Study Measurements and Biochemical Analysis
At each visit, medical history was obtained and a physical examination was performed. Height was measured with a wall-mounted stadiometer as the mean of 3 measurements and weight was measured to the nearest .1 kg with an electronic scale.
Imaging
Participants underwent noncontrast CT of the upper abdomen (GE Healthcare, Waukesha, WI, USA) in the supine position with the following scan parameters: tube voltage of 120 kV, tube current of 100 mA, slice thickness of 2.5 mm, field of view of 500 mm, and table height of 144 mm. All scans were performed with a calibration phantom (Mindways Software, Inc., Austin, TX, USA).
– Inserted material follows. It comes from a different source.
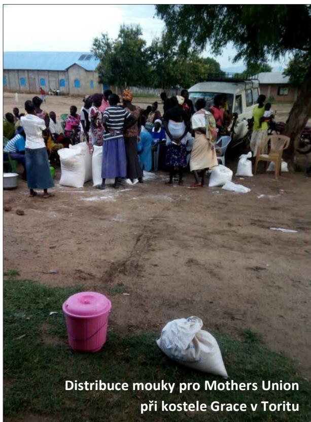
Distribuce mouky pro Mothers Union při kostele Grace v Toritu

Liver and spleen attenuation was measured by placing a circular region of interest (ROI) in the periphery of the right hepatic lobe, avoiding vessels or artifacts, and in the caudal pole of the spleen, respectively. The size of the ROI was held constant at 200 mm2. Hepatic fat content was quantified by taking the attenuation measurement in Hounsfield units of the right liver lobe ROI and dividing it by the spleen Hounsfield units measurement and calculating the liver-to-spleen ratio (L/S ratio), where a lower L/S ratio indicates higher hepatic fat. Further, an L/S ratio <1 is indicative of hepatic steatosis (9, 10).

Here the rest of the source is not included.